But Cody cautioned that these prisoners are dangerous.
"They are mean," he said. "They would kill any one of us if they had the chance."
The U.S. military halted the transfer of detainees - 324 in the U.S. Central Command's area of responsibility last week - to Cuba two weeks ago, but Cody said he expected the flights that move the prisoners to resume in a few days. In Washington, a Pentagon official said on condition of anonymity that those flights were expected to restart Wednesday for arrival in Cuba on Thursday.
Perhaps the best asset the 101st has brought to the airfield is the Apache assault helicopter, Cody said.
"They bring the firepower we need," he said.
Cody emphasized while he does not set U.S. State Department policy, he does not think the United States will be pulling out of Afghanistan soon.
"You can be assured that we wouldn't leave the country anytime quickly," he said. "There are still a lot of bad actors out there who have to be dealt with."
He said early estimates put the number of Taliban and al-Qaida fighters at about 50,000. If a person added the number of detainees and rough projections of people killed in the bombings and other attacks, the total is far fewer than that projection.

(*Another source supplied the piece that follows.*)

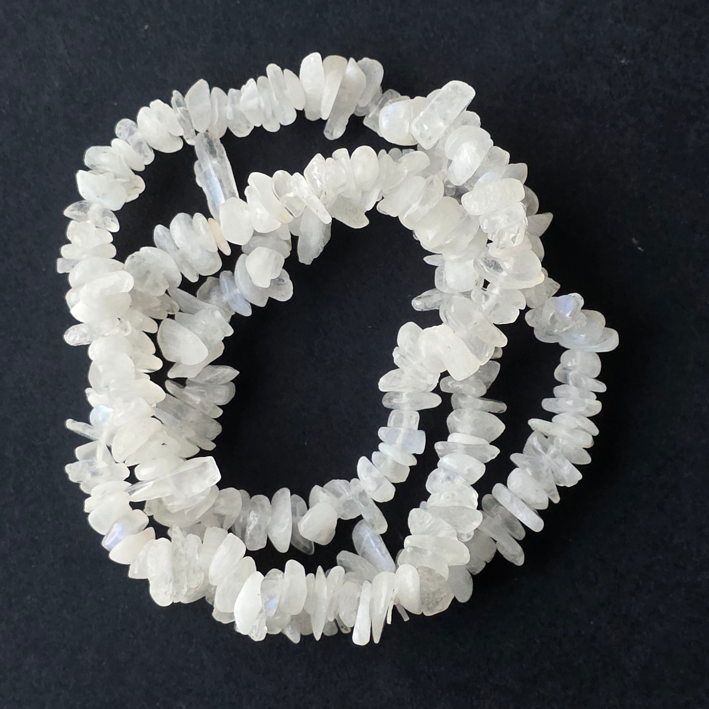 • Камък: натурален лунен камък (неправилни чипсове, ръчно шлифовани) – асоцииран с чистотата на емоциите, повишена интуиция и вътрешно равновесие

"The math doesn't add up," he said. "We're in for a marathon."
Part of that marathon includes humanitarian aid. But since airdrops of food have ceased, little has been done by the military but the Kandahar airfield could help carry out that mission.

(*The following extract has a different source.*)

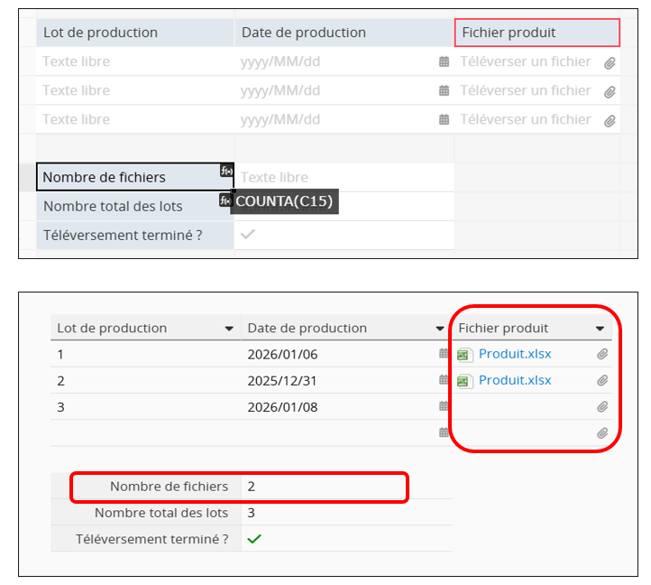 Exemple : dans une sous-table avec un champ Téléversement de fichier, chaque ligne peut inclure des fichiers attachés, tandis que les champs vides indiquent qu’aucun fichier n’a été téléchargé. Appliquer COUNTA(téléversement fichier) dans le champ Nombre de fichiers calcule rapidement combien d’enregistrements de sous-table contiennent des fichiers téléversés.

Cody said the infrastructure for humanitarian aid missions is still being put in place, which includes networking with non-governmental aid agencies. He estimated that once that is in place, it would become a part of Task Force Rakkasan's mission, he just didn't know exactly when that would begin.

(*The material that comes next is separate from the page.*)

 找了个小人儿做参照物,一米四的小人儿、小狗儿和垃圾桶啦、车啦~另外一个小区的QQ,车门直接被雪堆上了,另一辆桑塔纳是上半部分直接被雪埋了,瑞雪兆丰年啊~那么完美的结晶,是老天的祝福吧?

Meanwhile, soldiers will continue with their directives and Cody said he was impressed with the Screaming Eagles' high spirits.
While there is no running water, hot water or flushing toilets at Kandahar Airfield, many of these things will be addressed in the coming weeks or months.
The soldiers of the 101st, many of them still teen-agers, demonstrate a patriotism many people should not forget, the general said.
"No one should doubt the commitment of our youth," he said. "They were already waving the flag on Sept. 10th."